Battue sur le score de 2 buts à 1 à Abidjan, au match aller, Philippe TROUSSIER et ses joueurs ont réalisé un grand exploit, en battant puis en éliminant l’Asante Kotoko, à Kumasi, sur le score de 3 buts à 2, avec un but de Ishaya JATAU et un doublé de TRAORE Abdoulaye (Ben Badi).

 Qui est le plus grand joueur de l’ASEC Mimosas de tous les temps ?

Je n’ai pas connu la génération des AKOUATE Benjamin, Ignace WOGNIN et autres. Mais, pour moi, c’est incontestablement Laurent POKOU parce que c’était un Monsieur qui était déterminant. C’est quelqu’un qui était capable, à lui seul, de gagner un match, tellement il avait la hargne et était décisif.

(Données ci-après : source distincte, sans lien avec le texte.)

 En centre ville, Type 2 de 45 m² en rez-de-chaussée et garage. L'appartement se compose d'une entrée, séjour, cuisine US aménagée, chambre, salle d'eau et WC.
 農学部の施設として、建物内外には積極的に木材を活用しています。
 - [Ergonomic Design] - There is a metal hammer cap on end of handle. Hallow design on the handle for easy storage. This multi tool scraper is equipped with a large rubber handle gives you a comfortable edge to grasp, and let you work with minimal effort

J’en veux pour exemple le match retour de la Coupe d’Afrique des clubs champions en 1973, contre le Hafia FC de Guinée qui avait remporté le match aller, sur le score de 2 buts à 1. Mais au match retour, en moins de 15minutes, Laurent POKOU avait marqué 3 buts et permis à l’ASEC Mimosas de mener 3-0 dès le quart d’heure de jeu. Malheureusement, nous avons été éliminés aux tirs au but car le Hafia était revenu au score  (4-3) dans le temps reglémentaire.

 Que faut-il faire pour ramener les supporters dans les stades ?

Il n’y a pas de solution miracle. Si on avait la possibilité de faire revenir nos nombreux  joueurs qui sont en Europe et qui ne jouent presque pas, pour animer, un peu notre championnat, ce serait une bonne chose. Parce que, les supporters recherchent du spectacle. Il faut reconnaitre que nos joueurs, aujourd’hui, sont complètement anonymes. Les gens préfèrent rester devant leur poste téléviseur pour suivre les matches des championnats européens.

 Que pensez-vous de la mi-saison de l’ASEC Mimosas ?

L’équipe a fait une mi-saison très encourageante en se hissant en deuxième position, à deux points derrière le Séwé Sport, le leader. Je pense que Gigi et ses collaborateurs mettront les bouchées doubles pour que nous puissions remonter notre retard et finir champion de Côte d’Ivoire. Quand on n’est pas champion, le manque à gagner est très important.

 L’ASEC Mimosas a-t-elle réellement des chances de détrôner le Séwé Sport, cette saison ?

Au cours de la 2e phase de cette Ligue 1, le rythme du Séwé Sport va encore baisser. Je crois humblement que l’ASEC Mimosas a toutes les chances de rafler la mise au Séwé Sport.